Дикие лебеди
Шрифт:
В этом случае отец встал на мамину сторону. Он знал, что во время поездки в Харбин, когда она якобы бегала на свидания к Бяню, она встречалась с ним, а не с поэтом. Он видел, как Бянь читал маме свои стихи, знал, что мама им восхищалась, и не находил во всем этом ничего предосудительного. Но ни он, ни мама не могли остановить поток сплетен. Особенно злобствовали женщины из Федерации.

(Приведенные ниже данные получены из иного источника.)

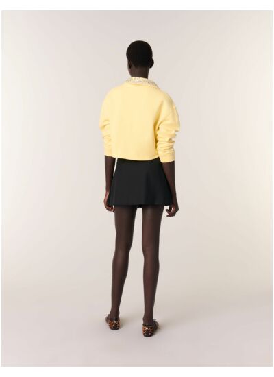 Comment porter la jupe courte plissée Maje pour un look tendance ? Associez-la à un top ajusté ou un pull léger pour équilibrer le volume, complétez avec des bottines ou des escarpins pour une silhouette chic et dynamique.

Посреди всей этой клеветнической кампании мама узнала, что ее апелляцию относительно Хуэйгэ отклонили. Она была вне себя от горя. Она дала Хуэйгэ обещание, а теперь чувствовала, что ввела его в заблуждение. Она часто ходила к нему в тюрьму, рассказывала, что делает для пересмотра его дела и не представляла себе, что коммунисты не пощадят его. Она искренне надеялась на лучшее и ободряла его. Но теперь, увидев ее напряженное лицо, заплаканные глаза и тщетные попытки
Отцу доложили о маминых посещениях тюрьмы. Сначала он молчал. Он сочувствовал ее трудностям. Но постепенно он рассердился. Скандал по поводу попытки Бяня совершить самоубийство был в самом разгаре, а теперь утверждали, что у его жены роман с гоминьдановским полковником — но ведь у них еще не кончился медовый месяц! Он был в ярости, но главную роль в том, что он принял решение партии относительно полковника, играли не его личные чувства. Он сказал маме, что, если Гоминьдан вернется, люди вроде Хуэйгэ первыми помогут ему восстановить власть. Коммунисты, сказал он, не могут так рисковать: «Наша революция — дело жизни и смерти». Когда мама попыталась объяснить ему, как Хуэйгэ помог коммунистам, отец ответил, что ее посещения тюрьмы, а особенно то, что они держались за руки, только повредили Хуэйгэ. Со времен Конфуция только муж с женой или, в крайнем случае, возлюбленные могли дотрагиваться друг до друга на людях. Даже при таких обстоятельствах это случалось крайне редко. Когда Хуэйгэ и маму увидели держащими друг друга за руки, это сочли доказательством их романа — соответственно, помогая коммунистам, Хуэйгэ руководствовался «неправильными» чувствами. Маме трудно было возразить, но от этого она не чувствовала себя менее несчастной.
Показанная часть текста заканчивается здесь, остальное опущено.